中国内では韓国人材招聘に向けた準備もじわじわと進んでいる。BOEやCSOTなどは中国の大卒者採用公告に「韓国語可能者優遇」を明示したりもする。韓国人エンジニアから技術を習得しなければならないためだ。最近BOEは中国での中途採用社員公告に「韓国語翻訳専門家」を含め、「韓国語TOPIK5級以上」という条件を付けた。

◇系列幽霊会社設立して人材引き抜きも

中国企業の積極的な「韓国技術者引き抜き」の動きに韓国企業は緊張状態だ。液晶パネル産業の前轍を繰り返しかねないという懸念のためだ。DSCCなど一部市場調査会社は2025年に中国の有機ELシェアが韓国を追い抜くだろうという見通しを出したりもした。

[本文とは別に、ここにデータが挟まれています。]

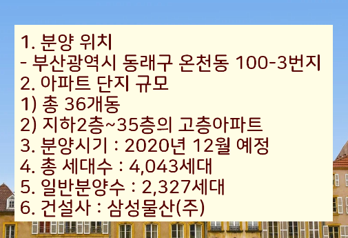 다시한번 온천장 래미안 포레스티지 아파트 분양에 대해서 요약해보겠습니다.
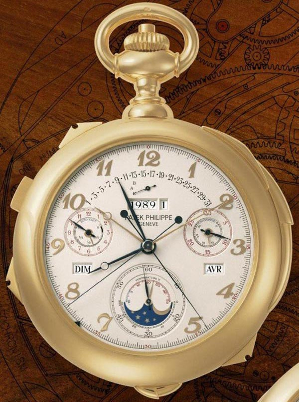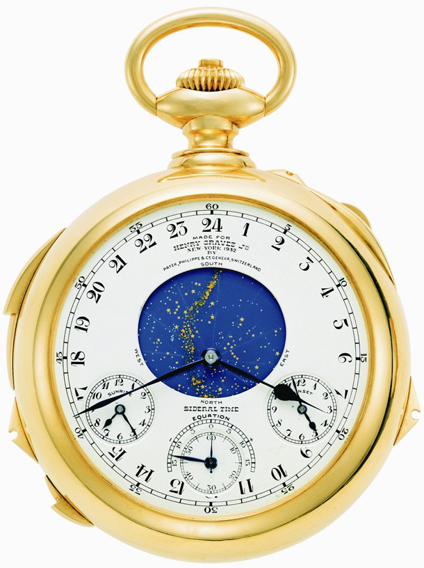 Абсолютный рекорд цены удерживают золотые карманные часы Patek Philippe The Graves Supercomplication с 24 усложнениями 1933 года выпуска. Генри Грейвз-мл. умер в 1953 году, а в 1968 году его наследники продали уникальный экземпляр в Музей Времени в Рокфорде. Когда в 1999 году музей закрылся, вся экспозиция была выставлена на торги Sotheby's. Все вместе они обошлись новым владельцам в 28 миллионов долларов. Этот же экземпляр, оценивавшийся предварительно «всего» в 3-5 миллионов, был приобретен анонимным коллекционером за 11 003 500 долларов.

人材流出を防ぐこれといった方法がないという点も企業の悩みを増している。有機ELが半導体とともに「国家核心技術」に指定され、意図的な「技術奪取と流出」などは厳格に制限されるが、職業選択の自由を侵害する人材移動まで規制するのは難しいためだ。

企業は「競合会社への転職2年禁止」など労働契約条項に盛り込み人材流出を防いでいるが、力不足との評価が出ている。中国企業が系列幽霊会社を設立し韓国人技術者を引き抜く事例がしばしば発生しているからだ。2017年ごろにサムスン出身のディスプレー技術者が中国企業の偽装系列会社に就職して摘発され裁判を受けた事例もある。ディスプレーメーカー関係者は「すべての退職者の移動を把握するのは現実的に不可能だ」と説明した。